### [DIRECTIONS FOR THIS TASK]
Word for word, copy the line that contains "COC Papiere für" and each line after it in the data below. Pictures stay out of the copy.

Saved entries
◇ ◇ ◇ ◇ ◇ ◇ ◇

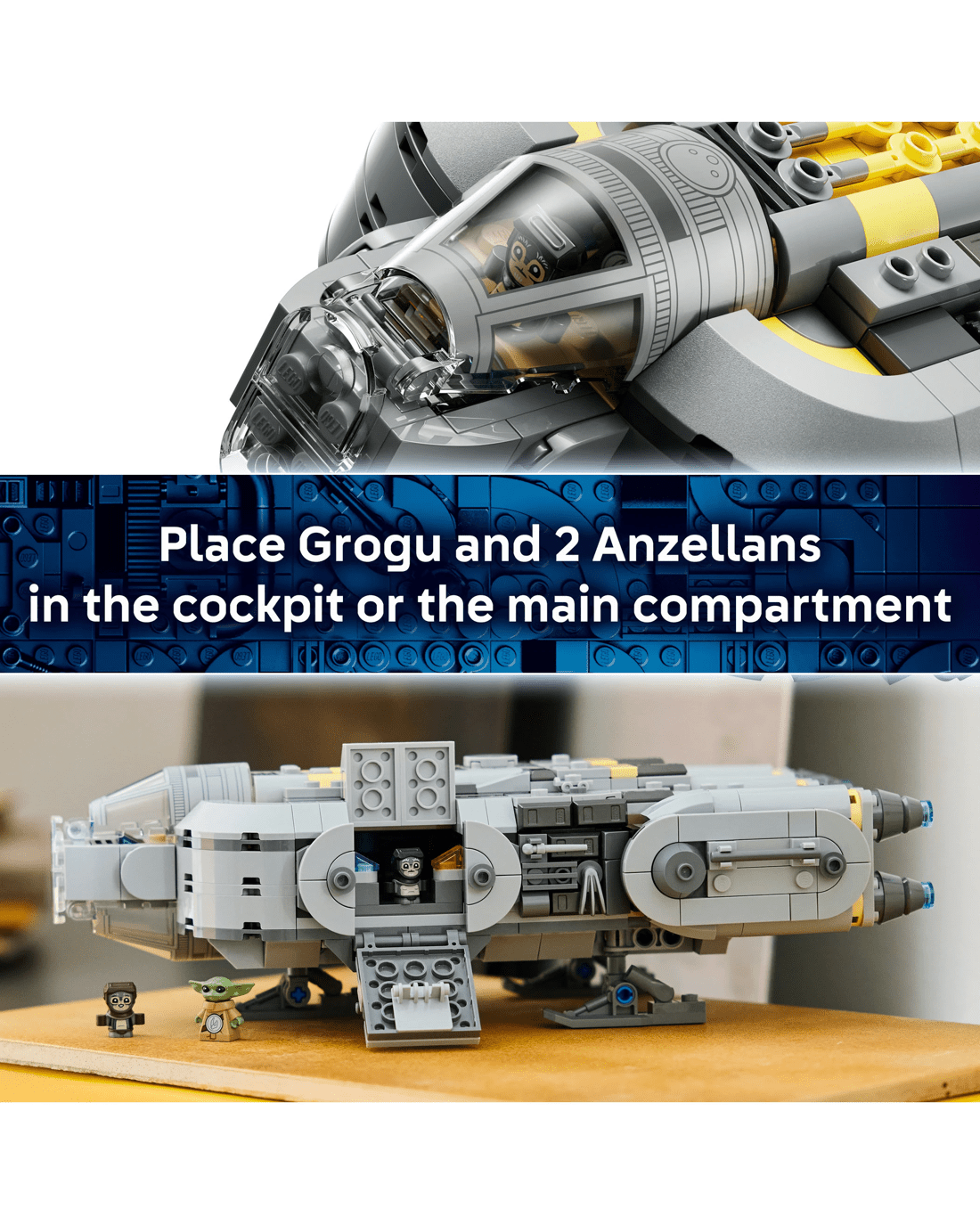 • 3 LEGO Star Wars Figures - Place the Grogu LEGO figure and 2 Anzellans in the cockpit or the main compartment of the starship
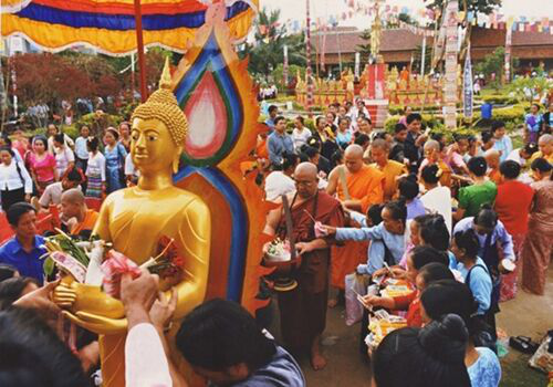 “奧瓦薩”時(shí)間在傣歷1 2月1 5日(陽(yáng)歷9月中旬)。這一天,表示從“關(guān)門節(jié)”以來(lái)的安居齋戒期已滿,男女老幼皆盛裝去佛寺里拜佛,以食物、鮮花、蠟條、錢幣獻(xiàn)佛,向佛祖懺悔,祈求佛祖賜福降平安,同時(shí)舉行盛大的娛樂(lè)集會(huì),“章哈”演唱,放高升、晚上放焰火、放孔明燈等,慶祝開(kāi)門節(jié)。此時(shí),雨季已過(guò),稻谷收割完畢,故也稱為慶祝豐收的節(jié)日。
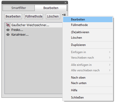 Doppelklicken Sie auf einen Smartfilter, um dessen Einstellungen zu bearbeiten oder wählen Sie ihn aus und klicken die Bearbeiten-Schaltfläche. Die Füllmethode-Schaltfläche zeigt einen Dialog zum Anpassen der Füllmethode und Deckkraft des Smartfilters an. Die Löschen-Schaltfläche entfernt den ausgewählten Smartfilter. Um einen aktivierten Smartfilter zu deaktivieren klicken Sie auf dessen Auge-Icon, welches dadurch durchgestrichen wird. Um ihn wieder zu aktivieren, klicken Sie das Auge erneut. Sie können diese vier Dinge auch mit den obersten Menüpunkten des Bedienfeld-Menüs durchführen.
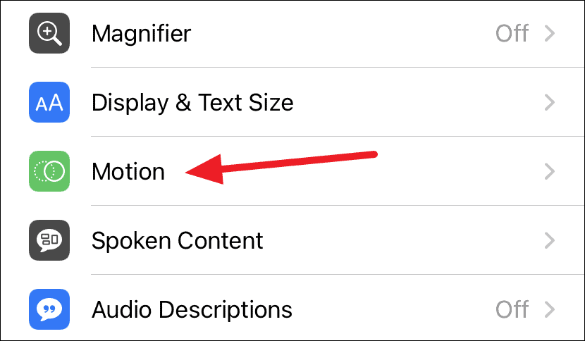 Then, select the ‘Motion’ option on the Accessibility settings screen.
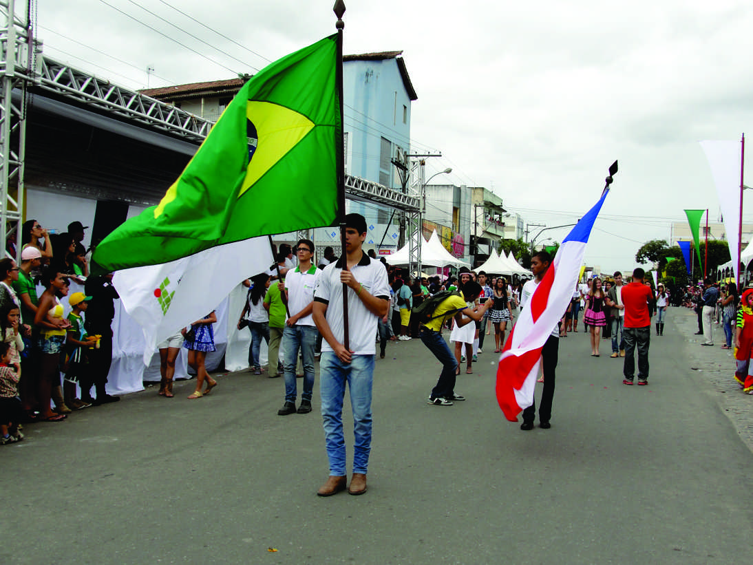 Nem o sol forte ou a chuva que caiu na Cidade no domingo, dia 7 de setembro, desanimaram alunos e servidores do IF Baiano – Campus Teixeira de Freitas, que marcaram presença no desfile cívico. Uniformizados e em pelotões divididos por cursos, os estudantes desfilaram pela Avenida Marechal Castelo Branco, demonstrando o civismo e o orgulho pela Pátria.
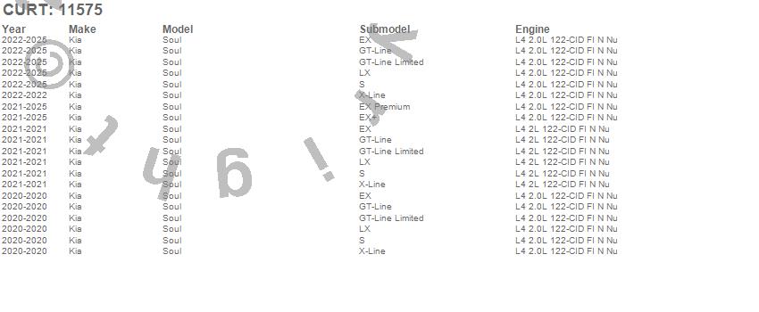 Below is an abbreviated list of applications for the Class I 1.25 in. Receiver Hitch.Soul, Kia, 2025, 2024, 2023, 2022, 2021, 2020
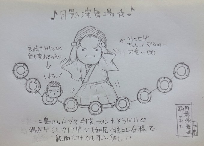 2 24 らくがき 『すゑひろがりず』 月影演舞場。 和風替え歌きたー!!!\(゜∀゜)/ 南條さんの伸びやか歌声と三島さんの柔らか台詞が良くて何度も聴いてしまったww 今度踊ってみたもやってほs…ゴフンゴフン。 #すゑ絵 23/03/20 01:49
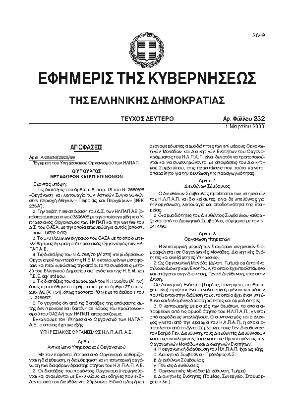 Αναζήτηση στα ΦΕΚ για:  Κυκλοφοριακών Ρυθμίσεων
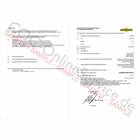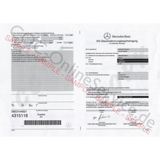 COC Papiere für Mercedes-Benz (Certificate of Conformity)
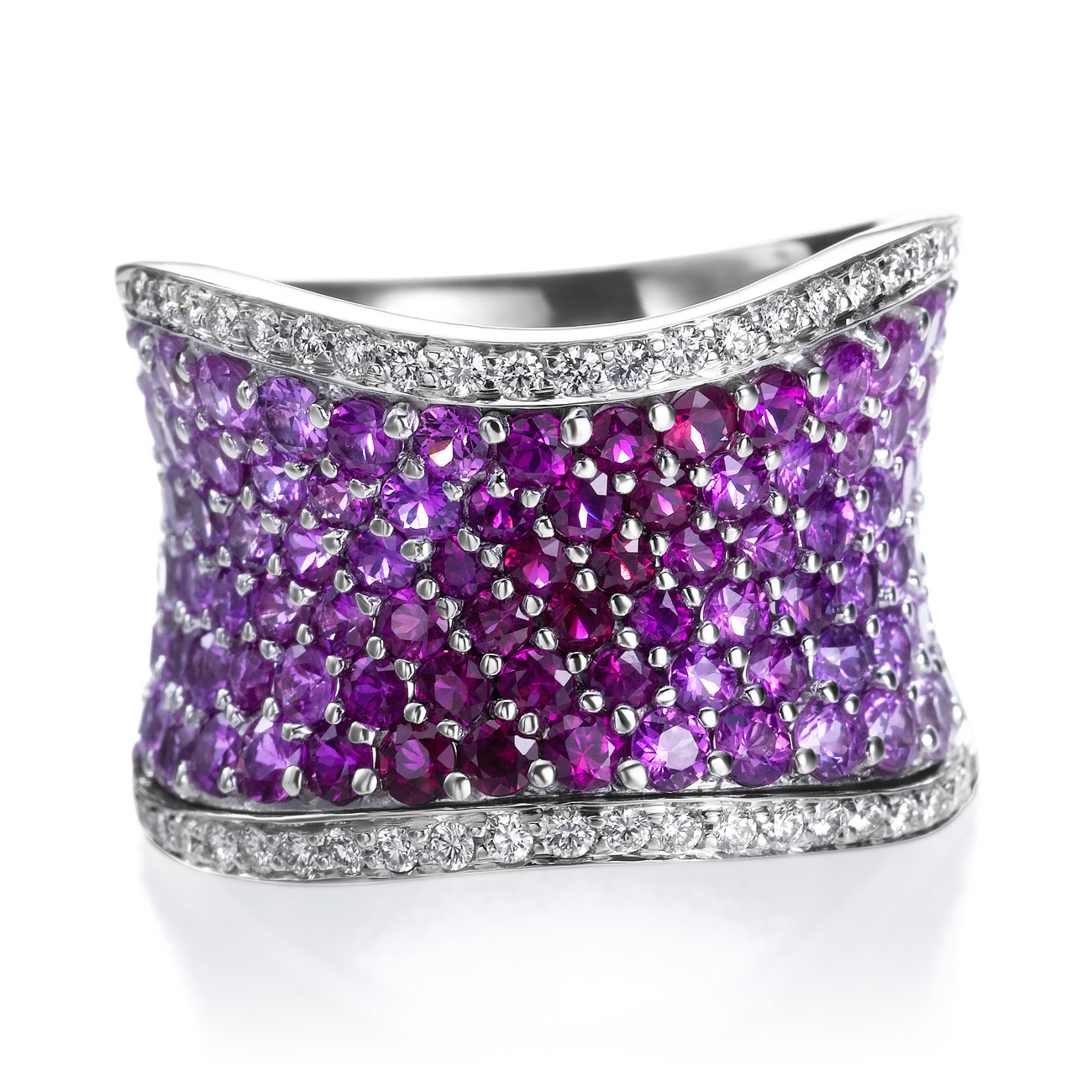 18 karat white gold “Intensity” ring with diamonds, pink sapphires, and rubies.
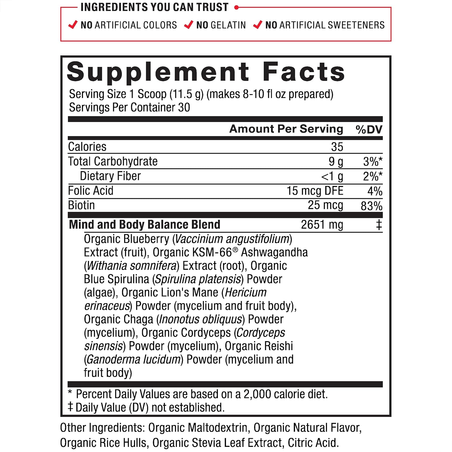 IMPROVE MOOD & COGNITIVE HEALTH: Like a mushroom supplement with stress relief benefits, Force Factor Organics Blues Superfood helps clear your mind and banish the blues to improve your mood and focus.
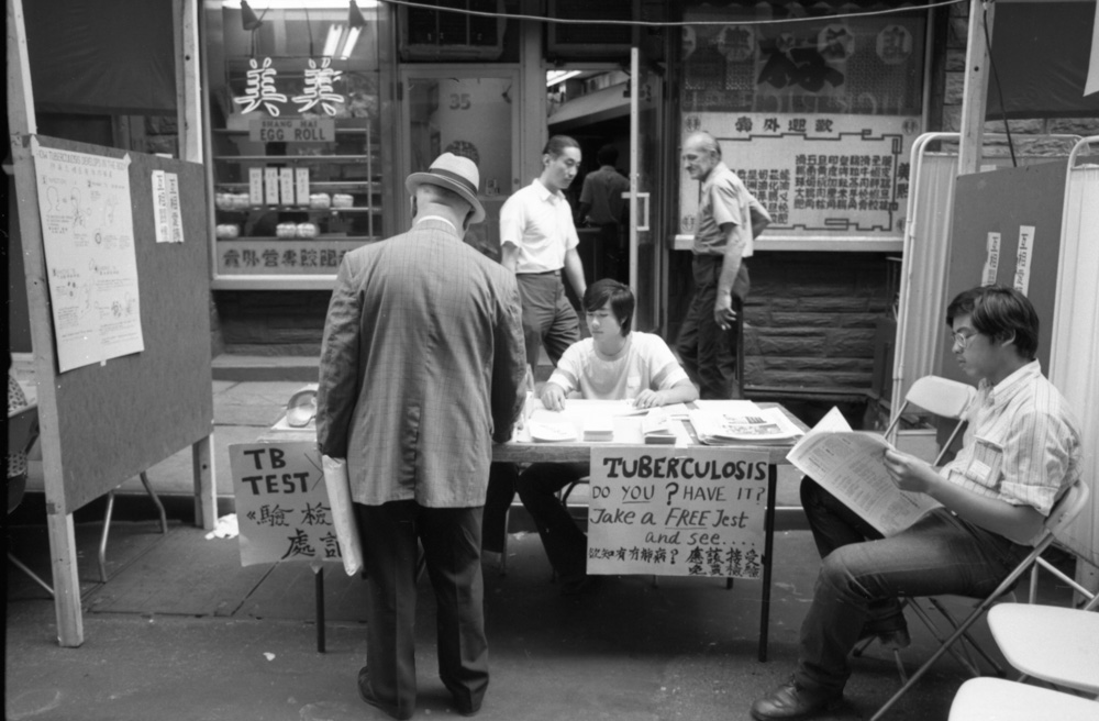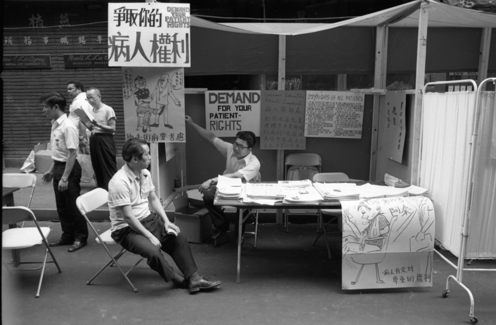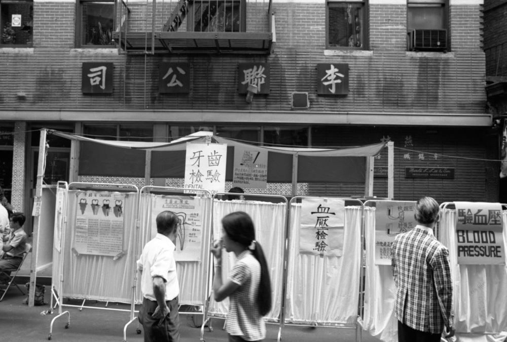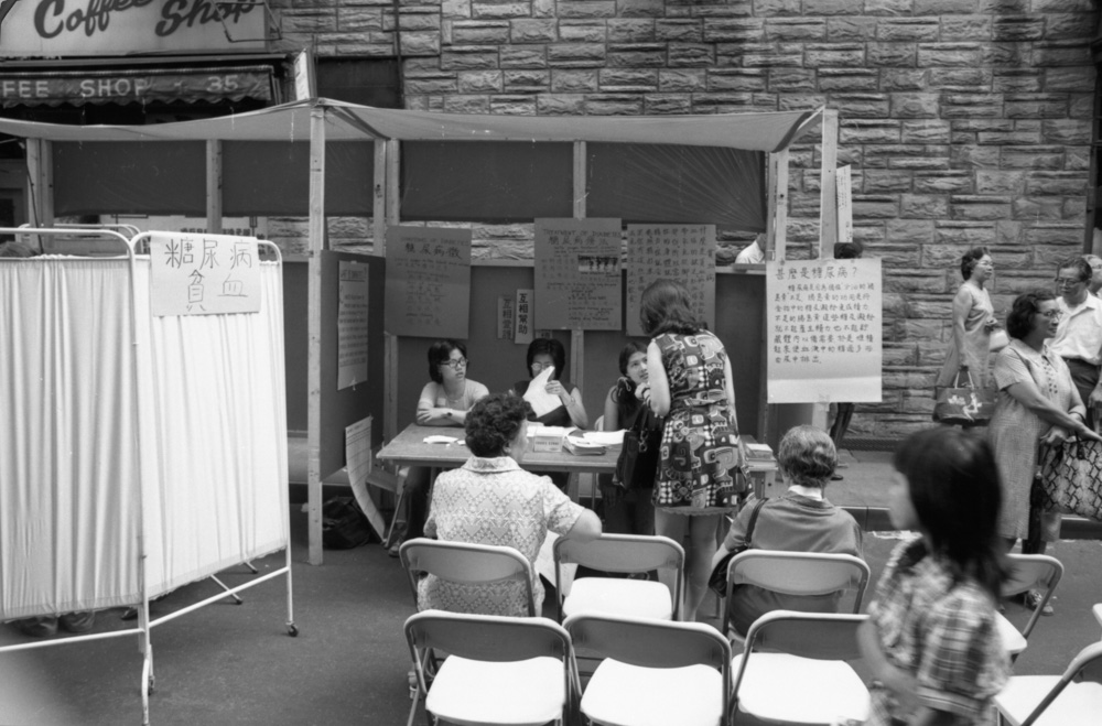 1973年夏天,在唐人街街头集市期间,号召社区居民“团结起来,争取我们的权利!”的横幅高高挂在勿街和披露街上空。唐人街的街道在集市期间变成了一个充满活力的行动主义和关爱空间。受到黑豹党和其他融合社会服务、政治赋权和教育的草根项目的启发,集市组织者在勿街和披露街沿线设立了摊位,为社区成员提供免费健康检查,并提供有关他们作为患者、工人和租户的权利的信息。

◇ ◇ ◇ ◇ ◇ ◇ ◇

### [YOUR SOLUTION]
 COC Papiere für Mercedes-Benz (Certificate of Conformity)
 18 karat white gold “Intensity” ring with diamonds, pink sapphires, and rubies.
 IMPROVE MOOD & COGNITIVE HEALTH: Like a mushroom supplement with stress relief benefits, Force Factor Organics Blues Superfood helps clear your mind and banish the blues to improve your mood and focus.
 1973年夏天,在唐人街街头集市期间,号召社区居民“团结起来,争取我们的权利!”的横幅高高挂在勿街和披露街上空。唐人街的街道在集市期间变成了一个充满活力的行动主义和关爱空间。受到黑豹党和其他融合社会服务、政治赋权和教育的草根项目的启发,集市组织者在勿街和披露街沿线设立了摊位,为社区成员提供免费健康检查,并提供有关他们作为患者、工人和租户的权利的信息。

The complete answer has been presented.